A partir dos episódios seguintes, como “Four Marks” e “Betrayer Moon“, a série expande ainda mais, pois até aqui conhecemos muito de Geralt, mas também vemos Stregobor, um pouco da Rainha Calanthe e a fugitiva Cirilla (Freya Allan). A questão é que só depois vemos a Leitoa, ou melhor, Yennifer (Anya Chalotra) e seu treinamento em Aretusa com Tissaia, e mais da fulga de Ciri, até ela conhecer Dara.

O desenvolvimento da série acaba seguindo 3 linhas do tempo distintas, que demoram a nos situar. Aos poucos vamos vendo a força dessas histórias e só mais para a metade da temporada, no caso em “Of Banquets, Bastards and Burials” que entendemos mais do laço de Geralt com Cirilla, e sua Lei da Surpresa. A forma como ele salva Duny, o pai da garota, e ajuda na união dele com sua mãe, acaba sendo legal, mas ele cria inimizade com a Rainha Calanthe.

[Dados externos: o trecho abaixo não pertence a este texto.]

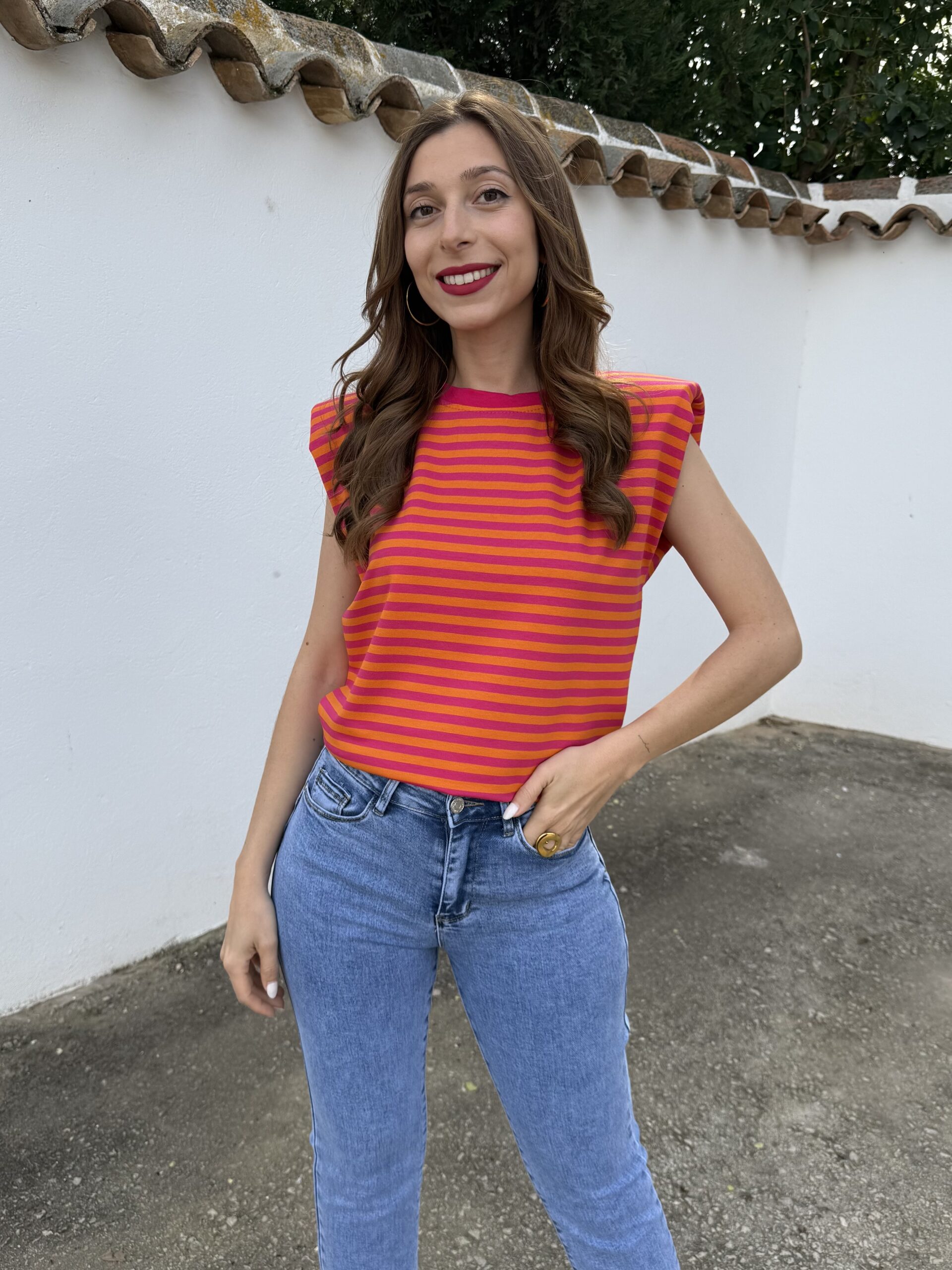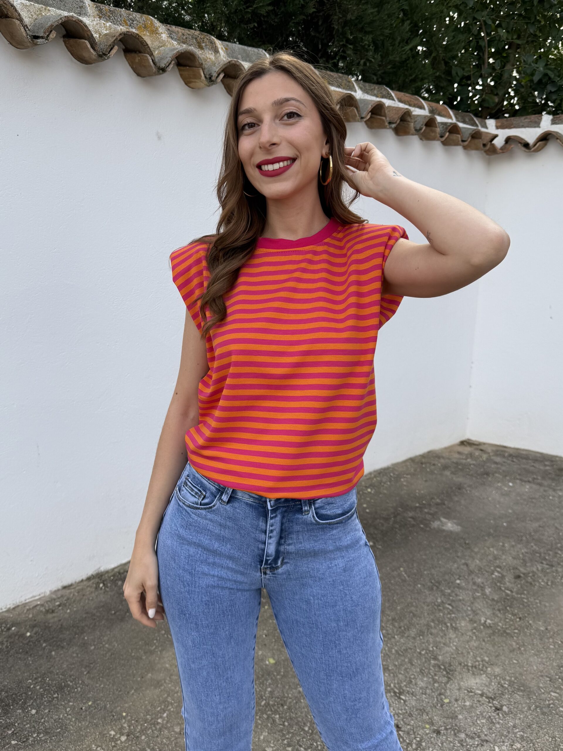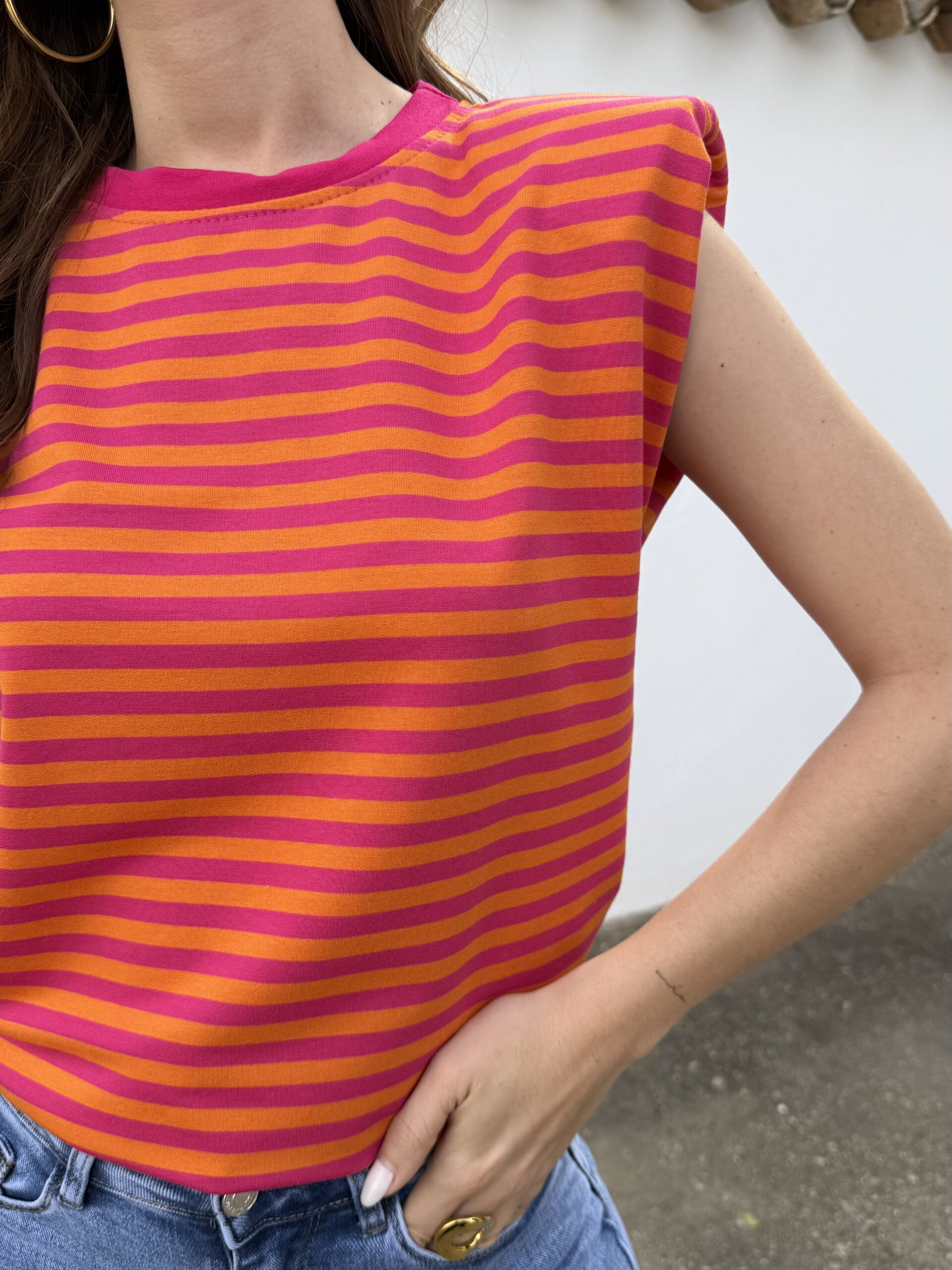 Aporta color y personalidad a tus looks con esta camiseta de rayas en tonos vibrantes. Su diseño combina un estampado llamativo con un corte moderno, destacando las hombreras que estructuran la silueta y aportan un toque sofisticado y actual.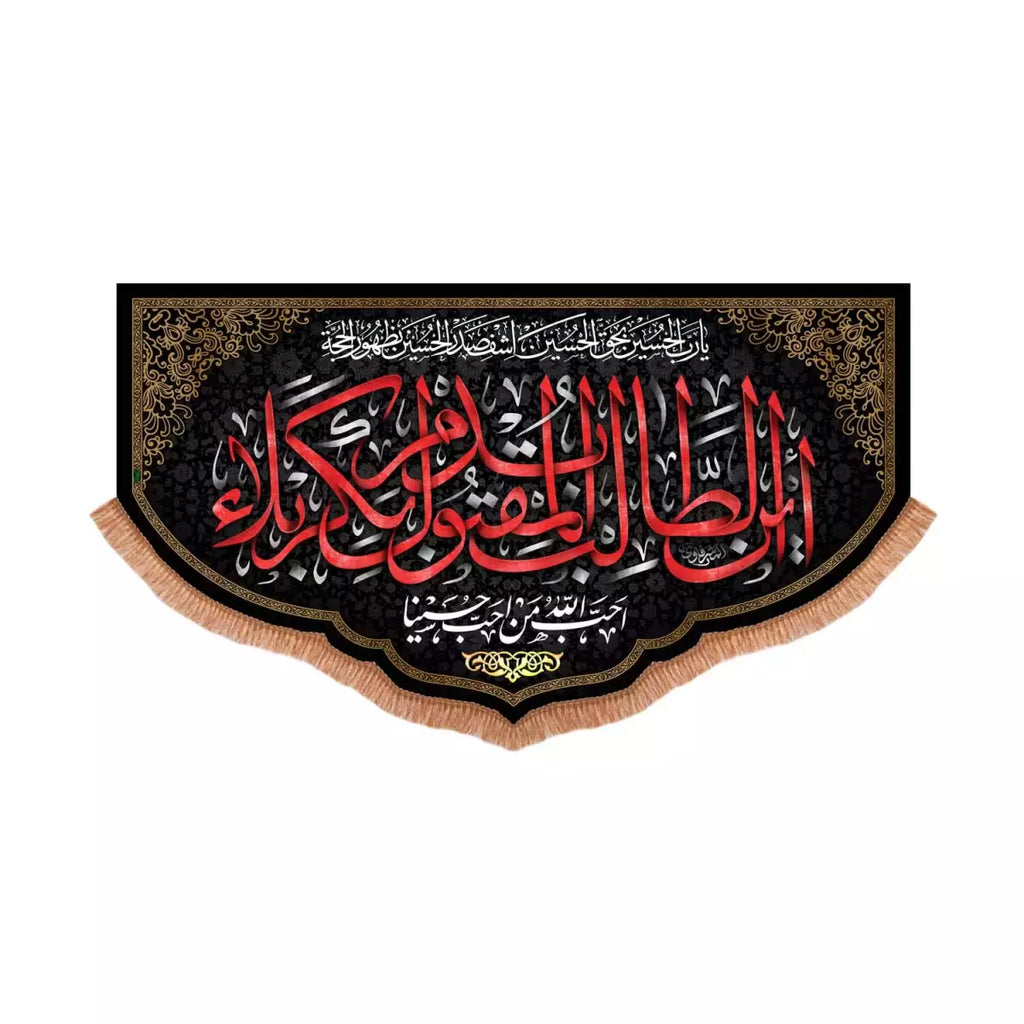 Enhance the spiritual ambiance of your space with our hanging banner, inscribed with the powerful phrase: "AYNA TALIB BADM AL-MUQTUL BA KARBALA" ("Where is the avenger of the blood of Karbala?").

E só mais a frente que vemos os caminhos de Yennifer e Geralt se cruzarem quando Jaskier em “Bottled Appetites” tenta roubar o djinn (gênio) que o bruxão tenta capturar para lhe conceder alguns desejos, e Yennifer, que em sua mutação perdeu o útero para ser redesenhada, acaba se interessando no desejo para ter sua fertilidade.

Os episódios finais, principalmente em “Before a Fall” e “Much More“, vemos como Frigilla, odiando ter sido passada para trás por Yennifer, acabou indo para Nifgaardian, e com o ódio presente no lugar, acaba se unindo a Cahir, que deseja ter o que tem dentro de Cirilla para ele ir ao centro do Continente e dominar tudo.

é nesse ponto final que as três tramas se encontram, mas ali temos a queda das feiticeiras e Geralt seriamente ferido, e mesmo assim consegue se encontrar com a garota da floresta, Cirilla, que seria a prometida da Criança Surpresa.

As saídas que a showrunner Lauren Schmidt Hissrich decidiu por seguir nas tramas e na união dos contos de Sapkowski, se de início os episódios parecem meio lentos, quando a trama engrena você quer ver ainda mais. Além disso, é ótimo como muitas imagens “venderam o corpo” de Cavill, e é bom que a trama não entregou isso, e até mesmo as nudez estão bem introduzida nas histórias, não sendo desnecessárias.

The Witcher entregou tudo o que prometeu, fez uma temporada interessante, com uma trilha sonora e uma fotografia muito bacana, mesmo que com alguns problemas nos efeitos especiais, e nos deixa interessando em retornar para uma 2ª temporada, que promete ser ainda melhor.